Localization of Protein Regions Involved in the Interaction between Calponin and Myosin*

  1. Pawel T. Szymanski§ and
  2. Terence Tao
  1. From the Muscle Research Group, Boston Biomedical Research Institute, Boston, Massachusetts 02114, the
  2. Department of Neurology, Harvard Medical School, Boston, Massachusetts 02115, and the
  3. Department of Biochemistry, Tufts University School of Medicine, Boston, Massachusetts 02111
  1. § To whom correspondence should be addressed:
    Harvard University, West Roxbury VA Medical Center, 1400 VFW Pkwy., Research 151, Bldg. 3, Rm. 2B102, West Roxbury, MA 02132.
    Tel: 617-323-7700 ext. 6195; Fax: 617-363-5592; E-mail: tao{at}bbri.harvard.edu

Abstract

Calponin is a 33-kDa smooth muscle-specific protein that has been suggested to play a role in muscle contractility. It has previously been shown to interact with actin, tropomyosin, and calmodulin. More recently we showed that calponin also interacts with myosin (Szymanski, P. T., and Tao, T. (1993) FEBS Lett. 331, 256-259). In the present study we used a combination of co-sedimentation and fluorescence assays to localize the regions in myosin and calponin that are involved in the interaction between these two proteins. We found that recombinant chicken gizzard α-calponin co-sediments with myosin rod and, to a lesser extent, with light meromyosin. Fluorescently labeled recombinant calponin shows interaction with heavy meromyosin and myosin subfragment 2 but not subfragment 1. A fragment comprising residues 7-182 and a synthetic peptide spanning residues 146-176 of calponin co-sediment with myosin, but fragments comprising residues 7-144 and 183-292 do not. Our results indicate that there are calponin binding sites in the subfragment 2 and light meromyosin regions of myosin, and that the region comprising residues 145-182 of calponin mediates its interaction with myosin.

Footnotes

  • * This work was supported by National Institutes of Health Grant PO1-AR41637 (to T. T.) and American Heart Association Grant 13-523-934 (to P. T. S.). The costs of publication of this article were defrayed in part by the payment of page charges. The article must therefore be hereby marked “advertisement” in accordance with 18 U.S.C. Section 1734 solely to indicate this fact.

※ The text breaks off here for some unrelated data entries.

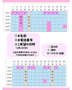 最近ご希望の日程を取れることが少なくなってきてしまってるので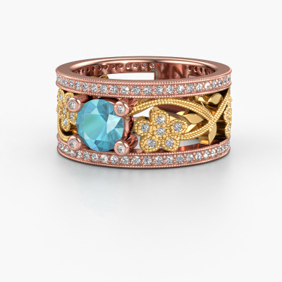 Do you have a vintage fetish? Then this rose gold Severine ring suits you perfectly. It's a contemporary design, based on vintage designs. A slightly romantic, extraordinary design! Even more when you customize to your liking. This graceful ring is set with exquisite blue topaz. As you can see, you can simply choose a gemstone that matches your style. Each gemstone is carefully selected by our merchants whom are spread throughout the world. Nothing but the best gems for our expert goldsmith! After all, it is his crowning glory!Our goldsmiths passionately create your customized ring to your liking with the utmost care. The rose gold ring, as shown here, can be customized using our online tool. Feel free to ask our jewel designers for assistance if you want changes made which are unavailable in our online tool. We are happy to answer your questions.After receiving your order, our goldsmiths will passionately start the creative process of making your ring in our own studio. Because we don't have a big stockpile, these costs will not be passed on to you. Our pricing is proof of that! We offer top quality jewels at lowest price, guaranteed.To make it easier for you, we offer a 30 day return policy. Check our terms and conditions.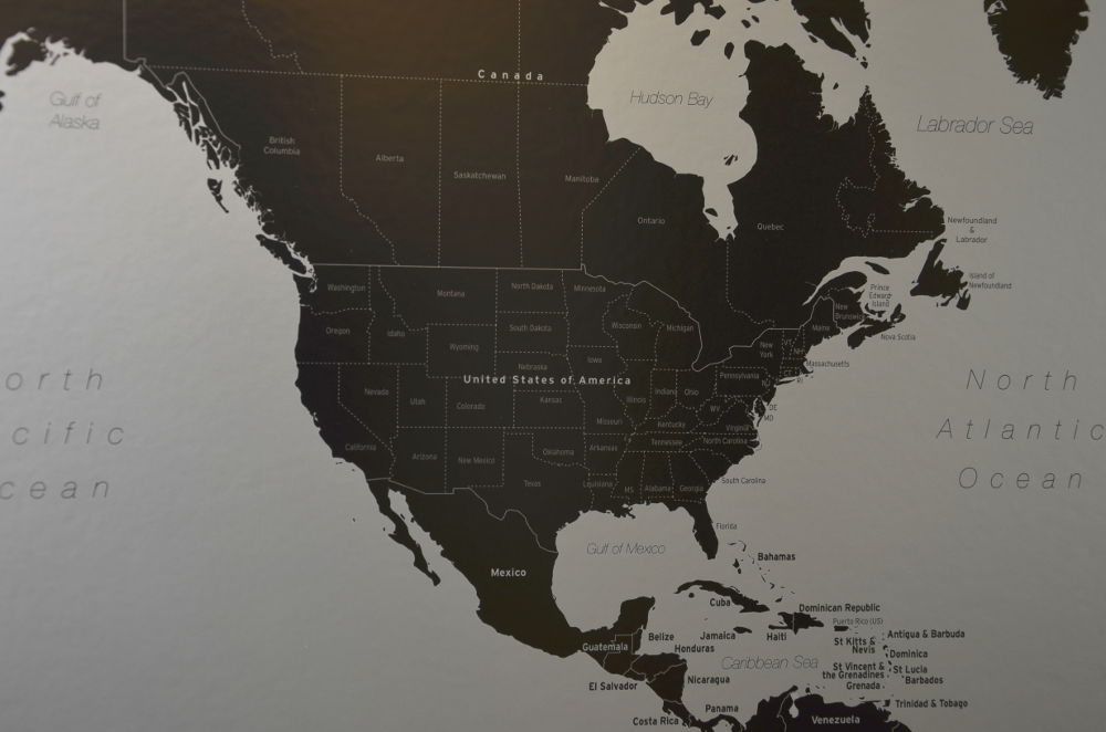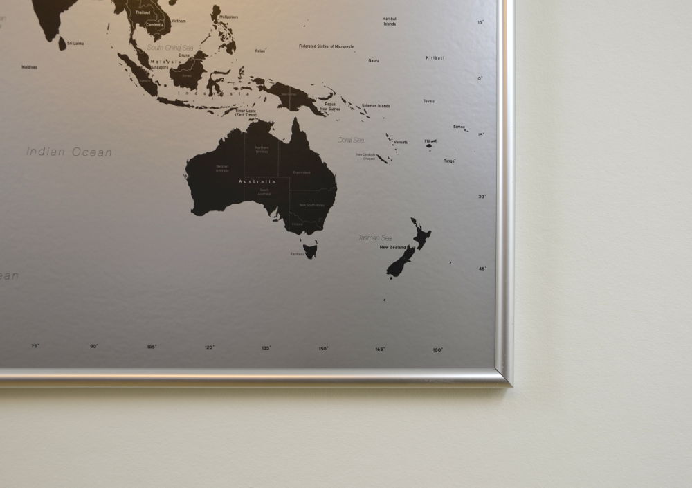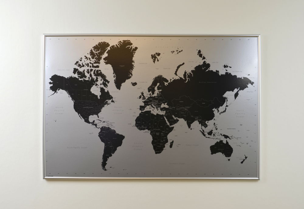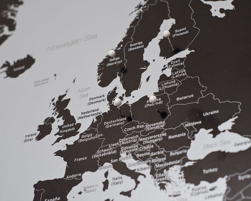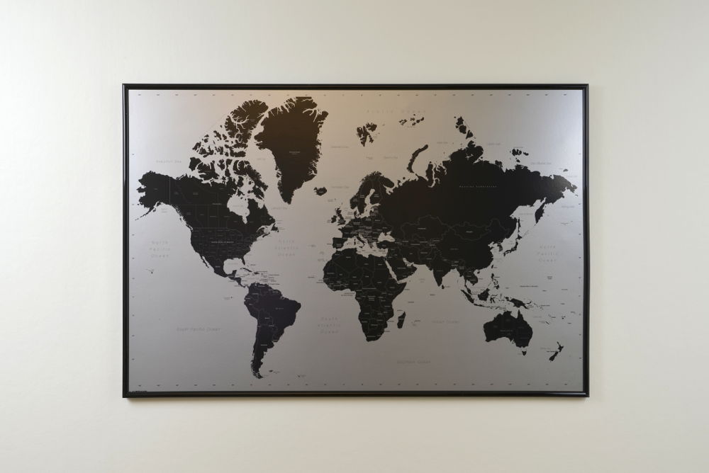 Stor Världskarta Modern i svart och silver där du kan märka ut dom länderna du rest till med nålar. Perfekt för att visa dina vänner vart du varit i världen, eller kanske som en present till någon som gillar att resa? En karttavla som aldrig går ur tiden.

  • 1 The abbreviations used are:

    CaP

    calponin

    Rα CaP

    recombinant α-isoform of chicken gizzard calponin

    HMM

    heavy meromyosin

    LMM

    light meromyosin

    S1

    myosin subfragment 1

    S2

    myosin subfragment 2

    DAN-Rα CaP

    N-iodoacetyl-N′-(5-sulfo-1-naphthyl)ethylenediamine-labeled Rα CaP

    PAGE

    polyacrylamide gel electrophoresis

    Hepes

    4-(2-hydroxyethyl)-1-piperazineethanesulfonic acid.

  • 2 P. T. Szymanski and T. Tao, unpublished observations.

    • Received October 1, 1996.
    • Revision received January 22, 1997.